**What is needed:**
Each line below must be reproduced exactly as it stands. Pictures stay out of the copy.

**Data extract:**
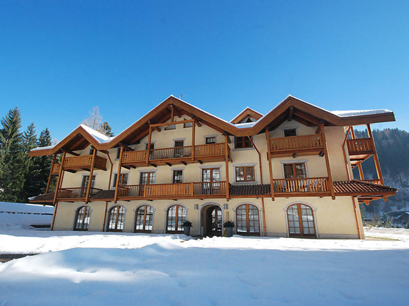 Pěkná, útulná, komfortní rezidence "Holidays Dolomiti", 800 m n. . V osadě Carisolo, v obci 1. km od centra Pinzolo, klidná, slunná poloha, 500 m od sjezdovek.
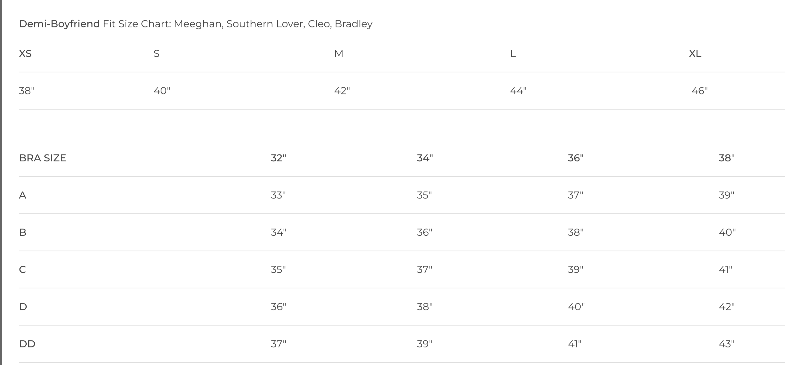 Demi-Boyfriend - A slightly slimmer fit than Boyfriend, and slightly looser than Femme. A-line silhouette. Right in the middle, we say buy in your size, or size down for more fitted.
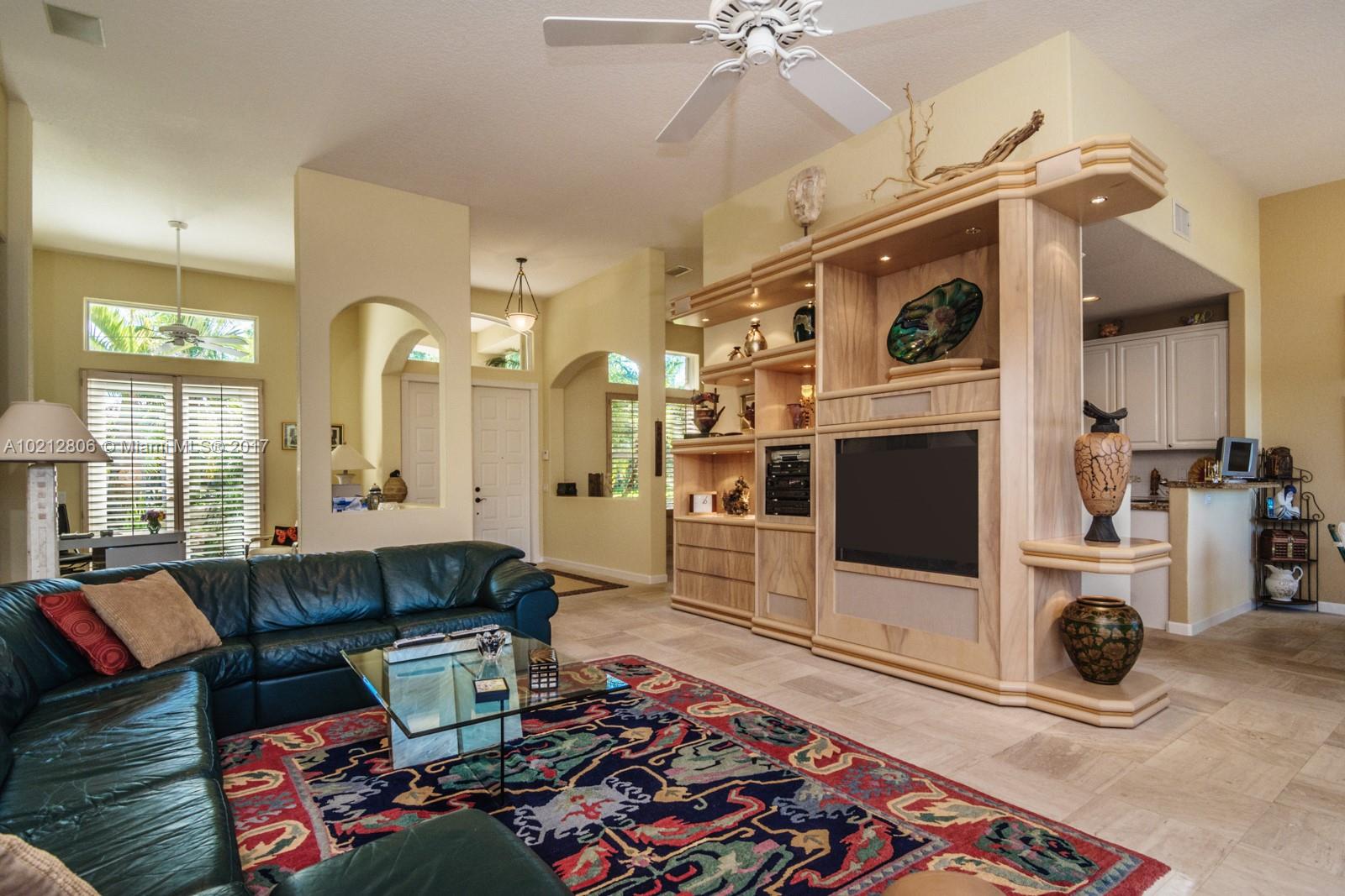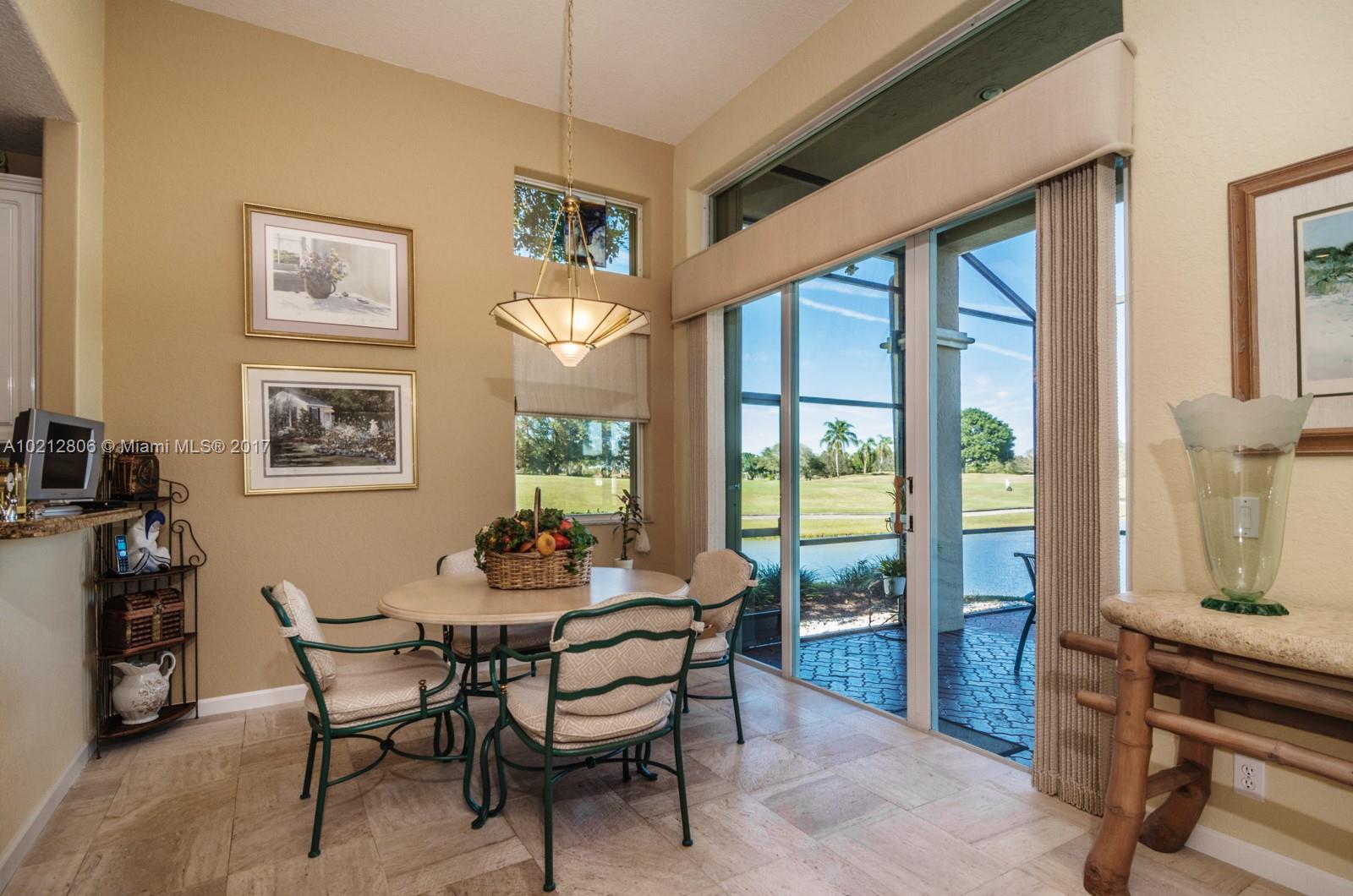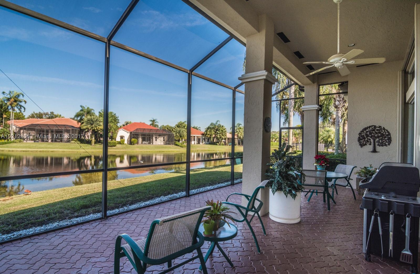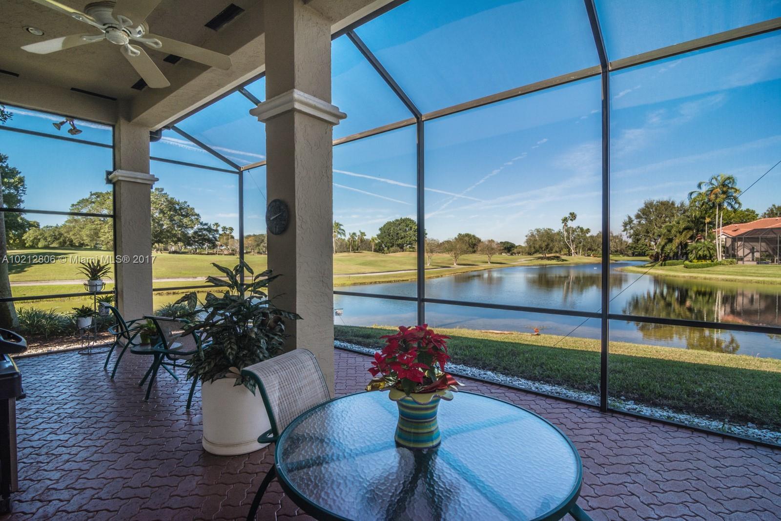 The most spectacular golf and lake views around. Enjoy Long water views from your fully screened paver patio. Wrap around water views from kitchen, great room & master bedroom. Brand New Roof 2016, New A/C, marble flooring throughout living areas. This modified model features a spacious master bedroom with volume ceilings. Secondary bedroom with it’s own bath and murphy bed. 3rd bedroom currently being used as an office with french doors to it's own private patio.

**Solved problem:**
 Pěkná, útulná, komfortní rezidence "Holidays Dolomiti", 800 m n. . V osadě Carisolo, v obci 1. km od centra Pinzolo, klidná, slunná poloha, 500 m od sjezdovek.
 Demi-Boyfriend - A slightly slimmer fit than Boyfriend, and slightly looser than Femme. A-line silhouette. Right in the middle, we say buy in your size, or size down for more fitted.
 The most spectacular golf and lake views around. Enjoy Long water views from your fully screened paver patio. Wrap around water views from kitchen, great room & master bedroom. Brand New Roof 2016, New A/C, marble flooring throughout living areas. This modified model features a spacious master bedroom with volume ceilings. Secondary bedroom with it’s own bath and murphy bed. 3rd bedroom currently being used as an office with french doors to it's own private patio.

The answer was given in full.